Let's try two values for #k#, one less than #-6# and one greater than #-6#. For less than #-6#, we will try #k=-7#:

#y=(k-3)x^2+2kx+(k+2)=0#

#(-7-3)x^2+2(-7)x+(-7+2)=0#

#-10x^2-14x-5=0#

#-(10x^2+14x+5)=0#

#10x^2+14x+5=0#

#x=(-14+-sqrt(14^2-4(10)(5)))/(2(10))=(-14+-sqrt(-4))/20=#

#(-14+-sqrt(4(-1)))/20=(-14+-2sqrt(-1))/20=(2(-7+-sqrt(-1)))/20=#

#(-7+-sqrt(-1))/10#

From the domain of complex numbers, we know:

#i^2=-1#, and #i=sqrt(-1)#

Therefore,

#x=-7/10+1/10i#, and #x=-7/10-1/10i#

Both are complex numbers and you do not have any real solutions for #x#. Now, let's see what the graph looks like:

graph{10x^2+14x+5 [-2.563, 2.437, -0.42, 2.08]}

As, you can see, the graph is a parabola opening in the positive direction (up) but does not cross the #x#-axis.
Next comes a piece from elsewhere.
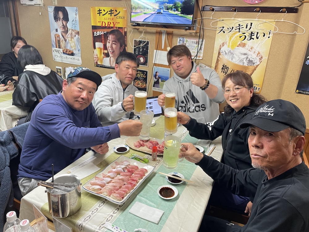 今回は若船長も参加してもらい、ツアー初めてのお客さんもいましたので、会話も楽しんでもらいました。船長とのコミュニケーションは大切なこと。美味しい食事を食べながら、釣りの話で盛り上がる…。このスキンシップを私は大切にしています。
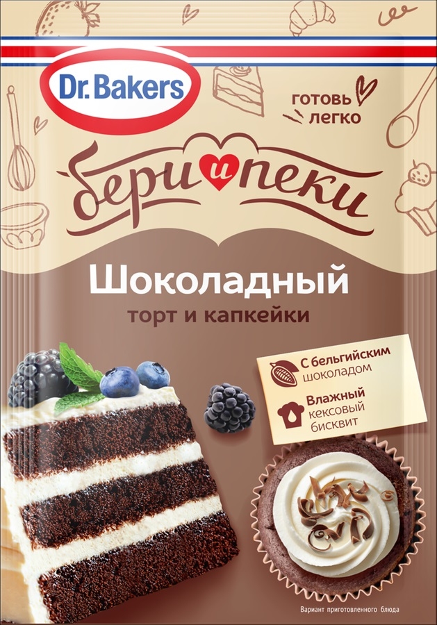 Смесь для бисквита Д-р Бейкерс 45г Шоколадный пакет

As such, there are no solutions for #x#.

Now, let's try a value greater than #-6# for #k#. We will try #k=-5#:

#(-5-3)x^2+2(-5)x+(-5+2)=0#

#8x^2+10x+3=0#

#x=-1/2#, and #x=-3/4#.

Both are real numbers and you have two solutions for #x# as we can see in the graph below:

graph{8x^2+10x+3 [-1.682, 0.818, -0.24, 1.01]}

The graph is crossing the #x#-axis at two points whose #x# values are the two answers we found.

If we try #k=-6# we will have only one solution for #x#:

#(-6-3)x^2+2(-6)x+(-6+2)=0#

#9x^2+12x+4=0#

#x=(-12+-sqrt(12^2-4(9)(4)))/(2(9))=(-12+-sqrt(144-144))/18=(-12+-0)/18=-12/18=-2/3#

Now, let's see the graph:

graph{9x^2+12x+4 [-1.3145, 0.333, -0.136, 0.688]}

As you can see, the graph only touches the #x#-axis at the value of #x# we found. Therefore, you only have one solution.

As for your question of trying #k# values in the equation, if you do it will either verify you have the right answer or let you know you may have made a mistake. It is not a bad idea.